Why don't caches store data based on a linear hash of the address, rather than simply the low-order bits? This would retain the property that an aligned block of data can be stored without collision, and would extend this benefit to page-strided data. Even a "hash" as simple as (low order bits) XOR (middle bits) would provide this benefit.
It's not that you would want to. It's that certain data structures (particularly in kernel land) naturally form around powers-of-2 sizing. Since the hashing in an n-way associative cache is done by masking away bits, you can get into this nasty situation where multiple elements of your data structure end up hashing to the same location set (the N in an N-way associative cache). You don't want that if you are going to walk the elements in your structure.
Either avoid walking the elements, or do whatever it takes to ensure that you don't end up getting stuck behind the N.
Hardware is inescapable.
It's also worth noting that you can use this to your advantage, ensuring that accesses to certain elements does not push much else out of the associative cache.
It's commonly done in memory allocators at various levels. You inherently want to manage pages, and you'll carve out the start of the page itself to hold its own data structure.
This bit of code executes when a call to malloc() could not find any free memory, and it has to request more memory from the operating system. The function supermap() allocates a large chunk of memory from the kernel. We then write the meta-information to keep track of that chunk of memory directly to itself - that "meta-information" is the pageblock_t struct. In malloc(), we then use that chunk of memory to find a sub-chunk inside of it to return to the user.
Note that internal to malloc(), we will maintain lists of these pageblock_t structures, and they will all be page-aligned. So, anytime we want to search for free memory among the managed pages, we're going to access page-aligned structures.

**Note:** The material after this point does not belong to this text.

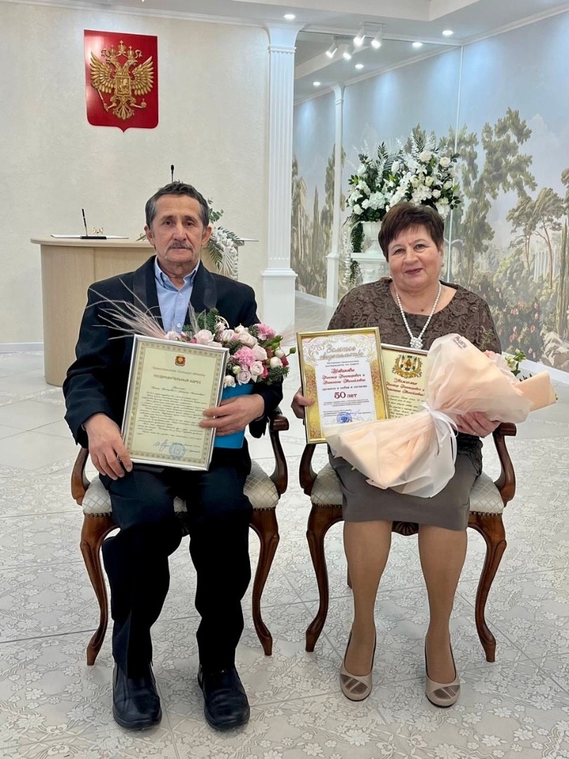 Вчера гостями нашего ЗАГСа стали супруги Новиковы Виктор Викторович и Антонина Михайловна из с. Каменское, отмечающие свой «Золотой» юбилей.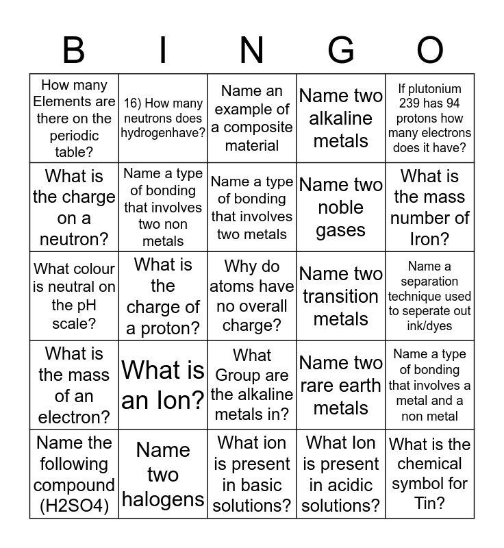 This bingo card has 25 words: What is an Ion?, What ion is present in basic solutions?, Name a type of bonding that involves two metals, Name the following compound (H2SO4), If plutonium 239 has 94 protons how many electrons does it have?, How many Elements are there on the periodic table?, What is the charge on a neutron?, 16) How many neutrons does hydrogenhave?, Name two transition metals, What Group are the alkaline metals in?, Name two noble gases, What colour is neutral on the pH scale?, Name two rare earth metals, Name a type of bonding that involves a metal and a non metal, Name a type of bonding that involves two non metals, What is the chemical symbol for Tin?, Name a separation technique used to seperate out ink/dyes, Name an example of a composite material, What is the mass number of Iron?, What is the charge of a proton?, Why do atoms have no overall charge?, Name two halogens, What is the mass of an electron?, Name two alkaline metals and What Ion is present in acidic solutions?.

The OP is plotting the ratio of page-aligned vs. unaligned access time against problem size. So, on the y-axis, a value of 2 means the page-aligned access took twice as long as the unaligned access.
Took me a few moments to grok the charts too, since I haven't had my coffee yet.
Darn, really unexpected. Learn something new everyday. Page-aligned access is common because I/O is usually aligned on page. Now CPU intense cases are different because of cache line usage.